EXERCISE INSTRUCTIONS -> A verbatim copy of every record is required, and no pictures should be included.

WORKING DATA ->
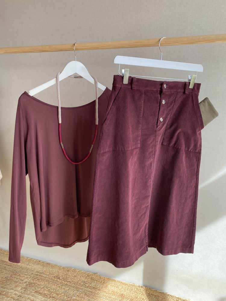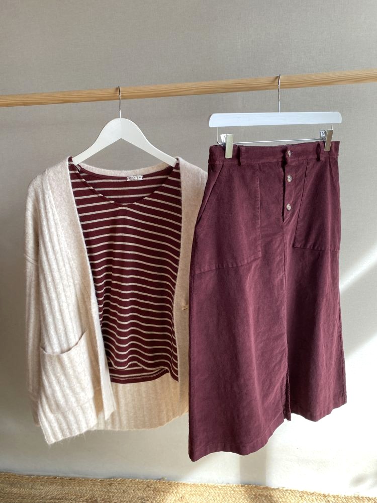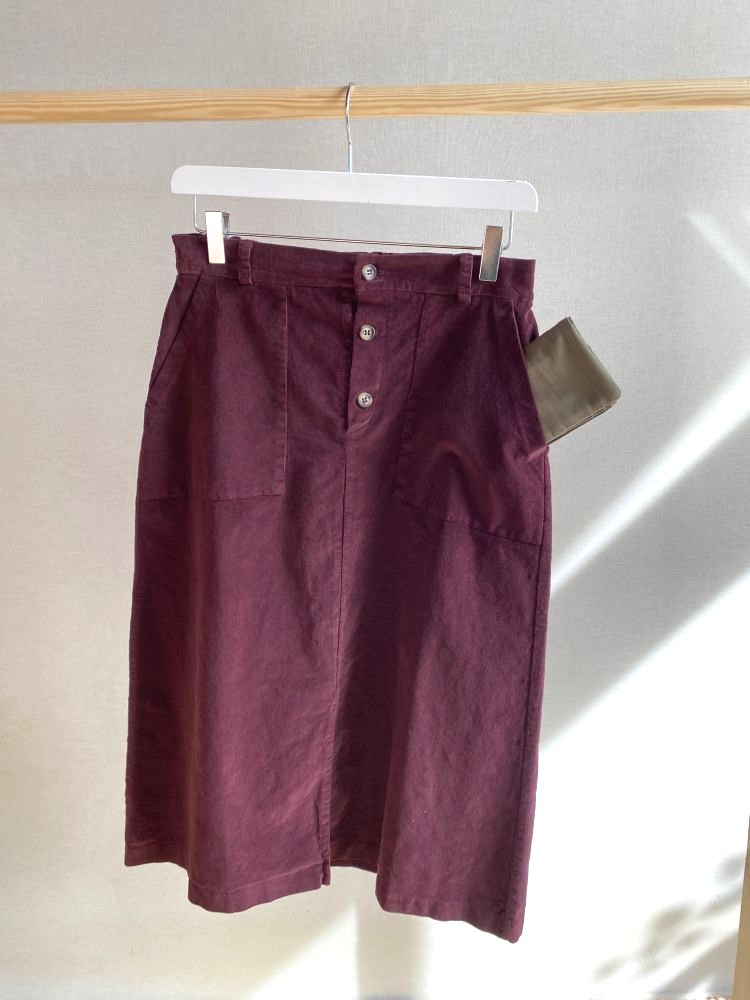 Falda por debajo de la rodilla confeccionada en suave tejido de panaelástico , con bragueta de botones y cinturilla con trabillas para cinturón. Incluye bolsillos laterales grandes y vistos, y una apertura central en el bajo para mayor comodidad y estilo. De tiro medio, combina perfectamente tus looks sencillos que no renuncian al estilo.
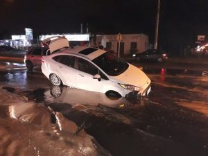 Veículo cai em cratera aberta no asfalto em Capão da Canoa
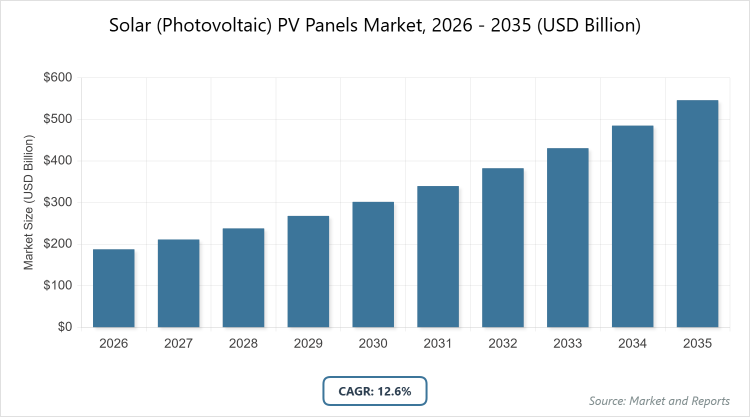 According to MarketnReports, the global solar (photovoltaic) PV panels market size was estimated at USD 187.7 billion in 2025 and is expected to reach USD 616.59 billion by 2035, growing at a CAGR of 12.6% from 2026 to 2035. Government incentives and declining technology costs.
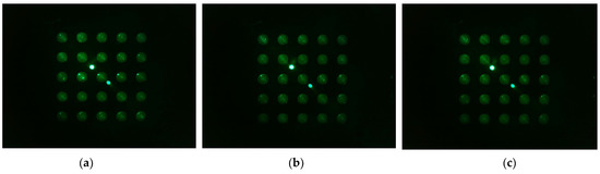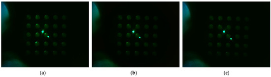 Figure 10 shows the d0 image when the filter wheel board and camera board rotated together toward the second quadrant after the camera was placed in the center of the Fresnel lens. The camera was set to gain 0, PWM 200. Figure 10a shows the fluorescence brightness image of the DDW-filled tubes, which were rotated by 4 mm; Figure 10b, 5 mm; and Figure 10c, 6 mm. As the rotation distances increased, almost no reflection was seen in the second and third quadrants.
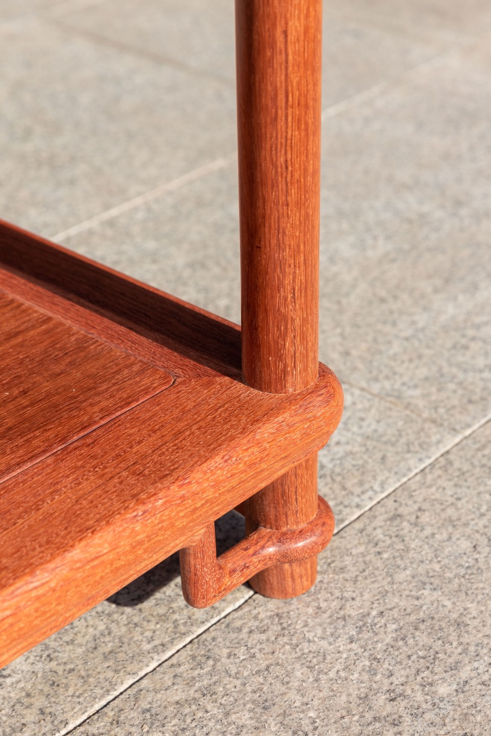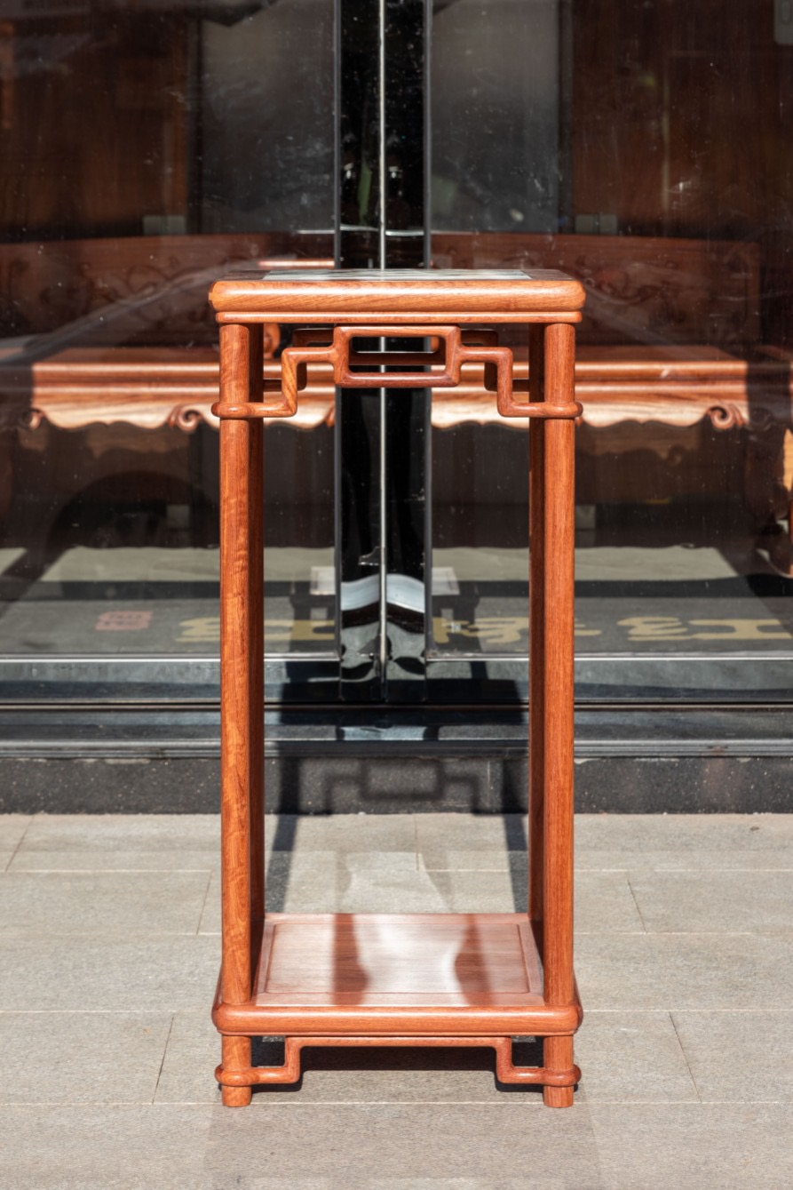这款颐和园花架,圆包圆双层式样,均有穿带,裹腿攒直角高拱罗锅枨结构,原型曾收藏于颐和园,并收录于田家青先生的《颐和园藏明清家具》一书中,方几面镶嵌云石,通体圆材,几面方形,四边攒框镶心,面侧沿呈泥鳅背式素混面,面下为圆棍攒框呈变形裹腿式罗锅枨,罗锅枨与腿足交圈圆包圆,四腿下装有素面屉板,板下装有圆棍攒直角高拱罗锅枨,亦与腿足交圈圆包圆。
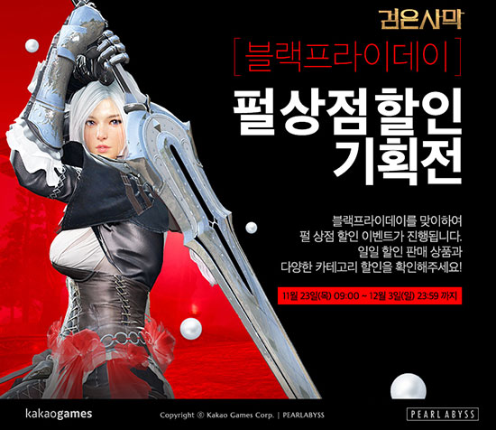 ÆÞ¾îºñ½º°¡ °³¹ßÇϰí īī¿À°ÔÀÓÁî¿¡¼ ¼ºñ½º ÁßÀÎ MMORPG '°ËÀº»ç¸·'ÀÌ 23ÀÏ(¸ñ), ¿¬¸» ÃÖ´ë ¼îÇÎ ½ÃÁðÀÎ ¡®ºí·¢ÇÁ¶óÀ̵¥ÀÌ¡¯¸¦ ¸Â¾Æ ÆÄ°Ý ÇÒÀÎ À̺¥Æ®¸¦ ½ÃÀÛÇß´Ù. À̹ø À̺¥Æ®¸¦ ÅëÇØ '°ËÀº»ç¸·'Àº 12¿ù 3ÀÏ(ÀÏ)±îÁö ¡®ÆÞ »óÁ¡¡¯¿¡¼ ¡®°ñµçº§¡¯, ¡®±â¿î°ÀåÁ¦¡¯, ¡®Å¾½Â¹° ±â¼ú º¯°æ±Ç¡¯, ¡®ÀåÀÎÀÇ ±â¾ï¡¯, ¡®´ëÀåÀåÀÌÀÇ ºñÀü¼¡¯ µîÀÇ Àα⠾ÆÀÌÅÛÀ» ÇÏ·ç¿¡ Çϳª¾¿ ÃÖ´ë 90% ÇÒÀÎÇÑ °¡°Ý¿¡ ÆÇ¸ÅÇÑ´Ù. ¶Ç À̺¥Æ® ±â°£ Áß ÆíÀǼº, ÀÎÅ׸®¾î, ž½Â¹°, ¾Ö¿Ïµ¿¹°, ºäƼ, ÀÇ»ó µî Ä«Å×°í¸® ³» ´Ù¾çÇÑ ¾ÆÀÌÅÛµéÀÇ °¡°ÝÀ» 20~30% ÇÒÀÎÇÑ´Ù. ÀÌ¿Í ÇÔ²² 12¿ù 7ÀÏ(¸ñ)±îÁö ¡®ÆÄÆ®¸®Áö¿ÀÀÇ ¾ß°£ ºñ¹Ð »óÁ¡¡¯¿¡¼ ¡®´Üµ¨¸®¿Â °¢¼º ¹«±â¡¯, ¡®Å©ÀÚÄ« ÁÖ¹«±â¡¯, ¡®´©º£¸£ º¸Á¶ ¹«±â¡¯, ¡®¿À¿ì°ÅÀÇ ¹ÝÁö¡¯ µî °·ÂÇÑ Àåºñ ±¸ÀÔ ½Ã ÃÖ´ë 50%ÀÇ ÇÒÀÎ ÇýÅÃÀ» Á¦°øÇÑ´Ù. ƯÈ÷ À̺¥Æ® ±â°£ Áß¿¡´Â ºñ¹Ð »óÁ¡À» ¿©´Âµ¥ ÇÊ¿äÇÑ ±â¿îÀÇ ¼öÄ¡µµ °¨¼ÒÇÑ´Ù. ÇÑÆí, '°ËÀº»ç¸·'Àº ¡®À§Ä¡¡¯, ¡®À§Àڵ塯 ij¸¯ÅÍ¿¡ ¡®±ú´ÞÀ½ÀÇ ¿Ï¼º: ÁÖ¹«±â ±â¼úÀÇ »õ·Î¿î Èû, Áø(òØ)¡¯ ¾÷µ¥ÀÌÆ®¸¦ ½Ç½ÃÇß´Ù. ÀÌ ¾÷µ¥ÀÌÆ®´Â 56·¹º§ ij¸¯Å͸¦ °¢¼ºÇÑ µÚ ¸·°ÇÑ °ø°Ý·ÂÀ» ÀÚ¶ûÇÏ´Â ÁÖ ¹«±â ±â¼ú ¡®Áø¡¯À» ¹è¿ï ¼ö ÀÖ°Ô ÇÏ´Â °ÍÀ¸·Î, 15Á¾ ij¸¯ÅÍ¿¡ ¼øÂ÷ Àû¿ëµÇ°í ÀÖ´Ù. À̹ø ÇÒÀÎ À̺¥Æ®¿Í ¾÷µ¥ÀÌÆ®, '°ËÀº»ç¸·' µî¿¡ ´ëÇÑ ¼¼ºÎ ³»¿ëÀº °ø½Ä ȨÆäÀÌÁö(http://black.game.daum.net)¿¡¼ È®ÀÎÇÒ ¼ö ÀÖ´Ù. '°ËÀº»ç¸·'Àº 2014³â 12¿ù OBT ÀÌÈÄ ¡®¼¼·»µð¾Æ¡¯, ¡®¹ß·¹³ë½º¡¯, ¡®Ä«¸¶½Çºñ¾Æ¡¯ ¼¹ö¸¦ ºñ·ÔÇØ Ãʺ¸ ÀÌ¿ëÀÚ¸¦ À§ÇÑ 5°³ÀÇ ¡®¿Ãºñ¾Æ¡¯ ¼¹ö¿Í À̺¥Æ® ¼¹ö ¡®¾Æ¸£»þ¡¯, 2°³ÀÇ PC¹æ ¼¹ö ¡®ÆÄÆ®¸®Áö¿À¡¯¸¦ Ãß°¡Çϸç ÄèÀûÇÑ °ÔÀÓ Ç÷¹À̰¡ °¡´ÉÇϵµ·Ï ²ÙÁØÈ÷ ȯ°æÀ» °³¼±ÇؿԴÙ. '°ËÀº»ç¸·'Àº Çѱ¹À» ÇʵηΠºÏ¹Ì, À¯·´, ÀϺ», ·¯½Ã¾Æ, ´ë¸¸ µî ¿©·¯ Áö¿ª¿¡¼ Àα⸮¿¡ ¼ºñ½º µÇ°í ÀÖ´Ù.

ANSWER SPACE ->
 Falda por debajo de la rodilla confeccionada en suave tejido de panaelástico , con bragueta de botones y cinturilla con trabillas para cinturón. Incluye bolsillos laterales grandes y vistos, y una apertura central en el bajo para mayor comodidad y estilo. De tiro medio, combina perfectamente tus looks sencillos que no renuncian al estilo.
 Veículo cai em cratera aberta no asfalto em Capão da Canoa
 According to MarketnReports, the global solar (photovoltaic) PV panels market size was estimated at USD 187.7 billion in 2025 and is expected to reach USD 616.59 billion by 2035, growing at a CAGR of 12.6% from 2026 to 2035. Government incentives and declining technology costs.
 Figure 10 shows the d0 image when the filter wheel board and camera board rotated together toward the second quadrant after the camera was placed in the center of the Fresnel lens. The camera was set to gain 0, PWM 200. Figure 10a shows the fluorescence brightness image of the DDW-filled tubes, which were rotated by 4 mm; Figure 10b, 5 mm; and Figure 10c, 6 mm. As the rotation distances increased, almost no reflection was seen in the second and third quadrants.
这款颐和园花架,圆包圆双层式样,均有穿带,裹腿攒直角高拱罗锅枨结构,原型曾收藏于颐和园,并收录于田家青先生的《颐和园藏明清家具》一书中,方几面镶嵌云石,通体圆材,几面方形,四边攒框镶心,面侧沿呈泥鳅背式素混面,面下为圆棍攒框呈变形裹腿式罗锅枨,罗锅枨与腿足交圈圆包圆,四腿下装有素面屉板,板下装有圆棍攒直角高拱罗锅枨,亦与腿足交圈圆包圆。
 ÆÞ¾îºñ½º°¡ °³¹ßÇϰí īī¿À°ÔÀÓÁî¿¡¼ ¼ºñ½º ÁßÀÎ MMORPG '°ËÀº»ç¸·'ÀÌ 23ÀÏ(¸ñ), ¿¬¸» ÃÖ´ë ¼îÇÎ ½ÃÁðÀÎ ¡®ºí·¢ÇÁ¶óÀ̵¥ÀÌ¡¯¸¦ ¸Â¾Æ ÆÄ°Ý ÇÒÀÎ À̺¥Æ®¸¦ ½ÃÀÛÇß´Ù. À̹ø À̺¥Æ®¸¦ ÅëÇØ '°ËÀº»ç¸·'Àº 12¿ù 3ÀÏ(ÀÏ)±îÁö ¡®ÆÞ »óÁ¡¡¯¿¡¼ ¡®°ñµçº§¡¯, ¡®±â¿î°ÀåÁ¦¡¯, ¡®Å¾½Â¹° ±â¼ú º¯°æ±Ç¡¯, ¡®ÀåÀÎÀÇ ±â¾ï¡¯, ¡®´ëÀåÀåÀÌÀÇ ºñÀü¼¡¯ µîÀÇ Àα⠾ÆÀÌÅÛÀ» ÇÏ·ç¿¡ Çϳª¾¿ ÃÖ´ë 90% ÇÒÀÎÇÑ °¡°Ý¿¡ ÆÇ¸ÅÇÑ´Ù. ¶Ç À̺¥Æ® ±â°£ Áß ÆíÀǼº, ÀÎÅ׸®¾î, ž½Â¹°, ¾Ö¿Ïµ¿¹°, ºäƼ, ÀÇ»ó µî Ä«Å×°í¸® ³» ´Ù¾çÇÑ ¾ÆÀÌÅÛµéÀÇ °¡°ÝÀ» 20~30% ÇÒÀÎÇÑ´Ù. ÀÌ¿Í ÇÔ²² 12¿ù 7ÀÏ(¸ñ)±îÁö ¡®ÆÄÆ®¸®Áö¿ÀÀÇ ¾ß°£ ºñ¹Ð »óÁ¡¡¯¿¡¼ ¡®´Üµ¨¸®¿Â °¢¼º ¹«±â¡¯, ¡®Å©ÀÚÄ« ÁÖ¹«±â¡¯, ¡®´©º£¸£ º¸Á¶ ¹«±â¡¯, ¡®¿À¿ì°ÅÀÇ ¹ÝÁö¡¯ µî °·ÂÇÑ Àåºñ ±¸ÀÔ ½Ã ÃÖ´ë 50%ÀÇ ÇÒÀÎ ÇýÅÃÀ» Á¦°øÇÑ´Ù. ƯÈ÷ À̺¥Æ® ±â°£ Áß¿¡´Â ºñ¹Ð »óÁ¡À» ¿©´Âµ¥ ÇÊ¿äÇÑ ±â¿îÀÇ ¼öÄ¡µµ °¨¼ÒÇÑ´Ù. ÇÑÆí, '°ËÀº»ç¸·'Àº ¡®À§Ä¡¡¯, ¡®À§Àڵ塯 ij¸¯ÅÍ¿¡ ¡®±ú´ÞÀ½ÀÇ ¿Ï¼º: ÁÖ¹«±â ±â¼úÀÇ »õ·Î¿î Èû, Áø(òØ)¡¯ ¾÷µ¥ÀÌÆ®¸¦ ½Ç½ÃÇß´Ù. ÀÌ ¾÷µ¥ÀÌÆ®´Â 56·¹º§ ij¸¯Å͸¦ °¢¼ºÇÑ µÚ ¸·°ÇÑ °ø°Ý·ÂÀ» ÀÚ¶ûÇÏ´Â ÁÖ ¹«±â ±â¼ú ¡®Áø¡¯À» ¹è¿ï ¼ö ÀÖ°Ô ÇÏ´Â °ÍÀ¸·Î, 15Á¾ ij¸¯ÅÍ¿¡ ¼øÂ÷ Àû¿ëµÇ°í ÀÖ´Ù. À̹ø ÇÒÀÎ À̺¥Æ®¿Í ¾÷µ¥ÀÌÆ®, '°ËÀº»ç¸·' µî¿¡ ´ëÇÑ ¼¼ºÎ ³»¿ëÀº °ø½Ä ȨÆäÀÌÁö(http://black.game.daum.net)¿¡¼ È®ÀÎÇÒ ¼ö ÀÖ´Ù. '°ËÀº»ç¸·'Àº 2014³â 12¿ù OBT ÀÌÈÄ ¡®¼¼·»µð¾Æ¡¯, ¡®¹ß·¹³ë½º¡¯, ¡®Ä«¸¶½Çºñ¾Æ¡¯ ¼¹ö¸¦ ºñ·ÔÇØ Ãʺ¸ ÀÌ¿ëÀÚ¸¦ À§ÇÑ 5°³ÀÇ ¡®¿Ãºñ¾Æ¡¯ ¼¹ö¿Í À̺¥Æ® ¼¹ö ¡®¾Æ¸£»þ¡¯, 2°³ÀÇ PC¹æ ¼¹ö ¡®ÆÄÆ®¸®Áö¿À¡¯¸¦ Ãß°¡Çϸç ÄèÀûÇÑ °ÔÀÓ Ç÷¹À̰¡ °¡´ÉÇϵµ·Ï ²ÙÁØÈ÷ ȯ°æÀ» °³¼±ÇؿԴÙ. '°ËÀº»ç¸·'Àº Çѱ¹À» ÇʵηΠºÏ¹Ì, À¯·´, ÀϺ», ·¯½Ã¾Æ, ´ë¸¸ µî ¿©·¯ Áö¿ª¿¡¼ Àα⸮¿¡ ¼ºñ½º µÇ°í ÀÖ´Ù.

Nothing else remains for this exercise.